Stored entries:
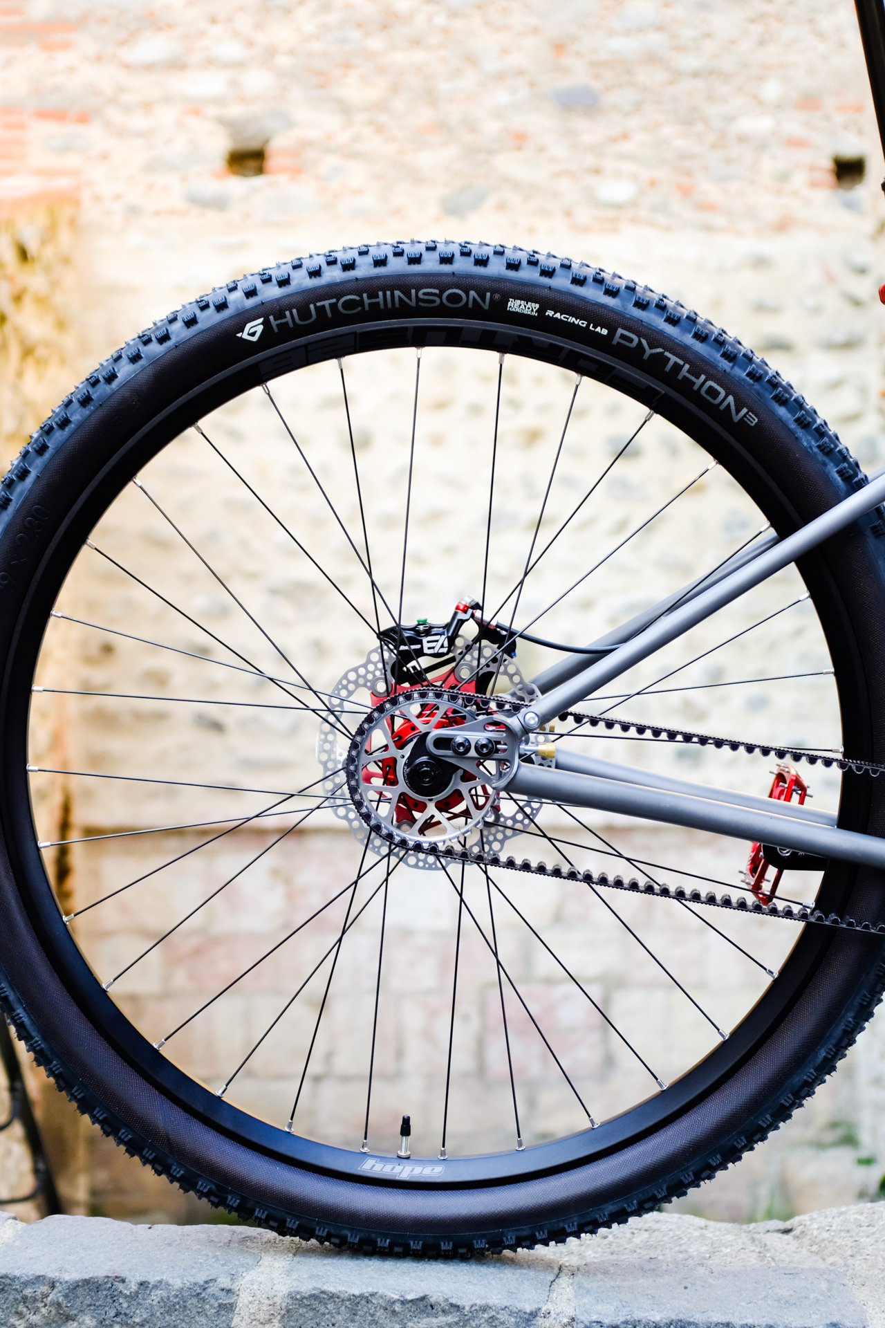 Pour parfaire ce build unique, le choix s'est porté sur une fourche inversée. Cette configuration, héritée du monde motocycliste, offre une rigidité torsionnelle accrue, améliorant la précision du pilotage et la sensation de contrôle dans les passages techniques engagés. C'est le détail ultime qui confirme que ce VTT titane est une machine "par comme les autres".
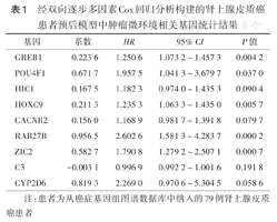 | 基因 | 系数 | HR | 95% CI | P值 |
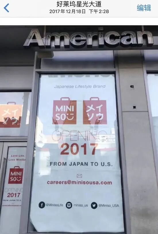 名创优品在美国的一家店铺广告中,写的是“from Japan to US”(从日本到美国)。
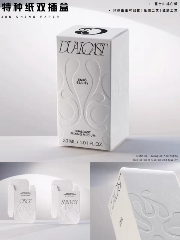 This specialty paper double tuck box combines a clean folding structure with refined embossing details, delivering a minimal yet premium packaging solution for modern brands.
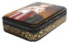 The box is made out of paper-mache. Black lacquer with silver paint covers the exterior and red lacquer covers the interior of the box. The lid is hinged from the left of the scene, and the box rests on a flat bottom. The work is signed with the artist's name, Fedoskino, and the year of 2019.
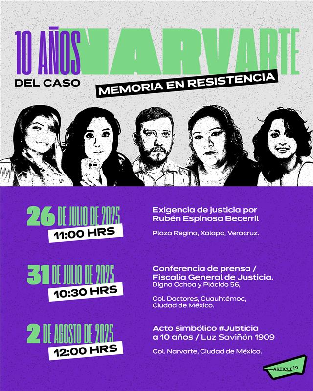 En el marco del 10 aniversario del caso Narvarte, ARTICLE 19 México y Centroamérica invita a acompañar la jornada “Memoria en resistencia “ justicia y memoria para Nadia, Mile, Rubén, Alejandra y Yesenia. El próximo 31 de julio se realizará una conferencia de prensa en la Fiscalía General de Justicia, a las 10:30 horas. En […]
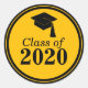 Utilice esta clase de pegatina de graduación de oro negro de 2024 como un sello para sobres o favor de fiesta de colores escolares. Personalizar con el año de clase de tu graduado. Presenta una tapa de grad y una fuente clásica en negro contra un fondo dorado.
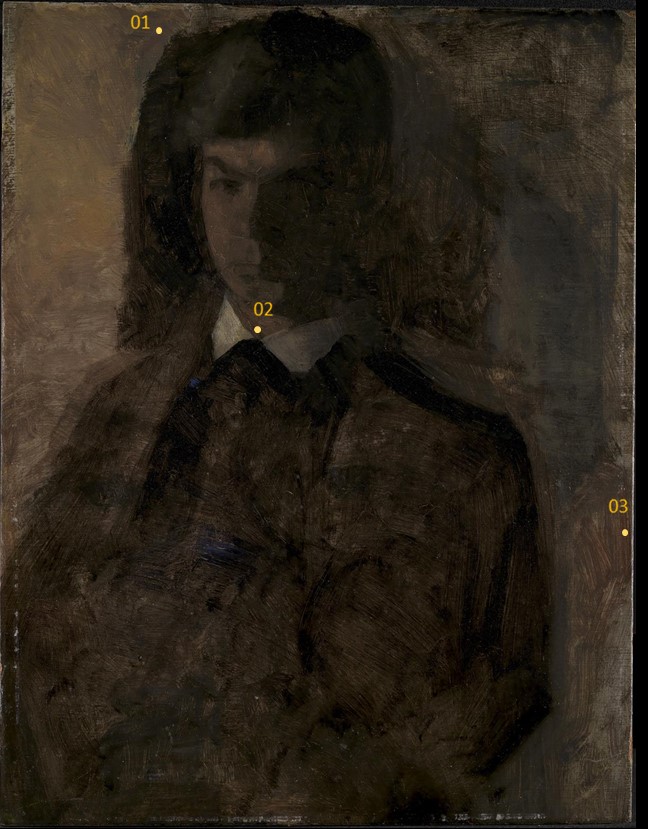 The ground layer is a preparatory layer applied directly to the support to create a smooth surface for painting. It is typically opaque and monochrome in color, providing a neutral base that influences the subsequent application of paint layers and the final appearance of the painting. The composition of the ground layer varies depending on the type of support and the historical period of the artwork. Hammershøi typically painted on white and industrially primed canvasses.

EXERCISE INSTRUCTIONS:
Pictures excluded, quote all the data above exactly.

OUTPUT OF THE TASK:
 Pour parfaire ce build unique, le choix s'est porté sur une fourche inversée. Cette configuration, héritée du monde motocycliste, offre une rigidité torsionnelle accrue, améliorant la précision du pilotage et la sensation de contrôle dans les passages techniques engagés. C'est le détail ultime qui confirme que ce VTT titane est une machine "par comme les autres".
 | 基因 | 系数 | HR | 95% CI | P值 |
 名创优品在美国的一家店铺广告中,写的是“from Japan to US”(从日本到美国)。
 This specialty paper double tuck box combines a clean folding structure with refined embossing details, delivering a minimal yet premium packaging solution for modern brands.
 The box is made out of paper-mache. Black lacquer with silver paint covers the exterior and red lacquer covers the interior of the box. The lid is hinged from the left of the scene, and the box rests on a flat bottom. The work is signed with the artist's name, Fedoskino, and the year of 2019.
 En el marco del 10 aniversario del caso Narvarte, ARTICLE 19 México y Centroamérica invita a acompañar la jornada “Memoria en resistencia “ justicia y memoria para Nadia, Mile, Rubén, Alejandra y Yesenia. El próximo 31 de julio se realizará una conferencia de prensa en la Fiscalía General de Justicia, a las 10:30 horas. En […]
 Utilice esta clase de pegatina de graduación de oro negro de 2024 como un sello para sobres o favor de fiesta de colores escolares. Personalizar con el año de clase de tu graduado. Presenta una tapa de grad y una fuente clásica en negro contra un fondo dorado.
 The ground layer is a preparatory layer applied directly to the support to create a smooth surface for painting. It is typically opaque and monochrome in color, providing a neutral base that influences the subsequent application of paint layers and the final appearance of the painting. The composition of the ground layer varies depending on the type of support and the historical period of the artwork. Hammershøi typically painted on white and industrially primed canvasses.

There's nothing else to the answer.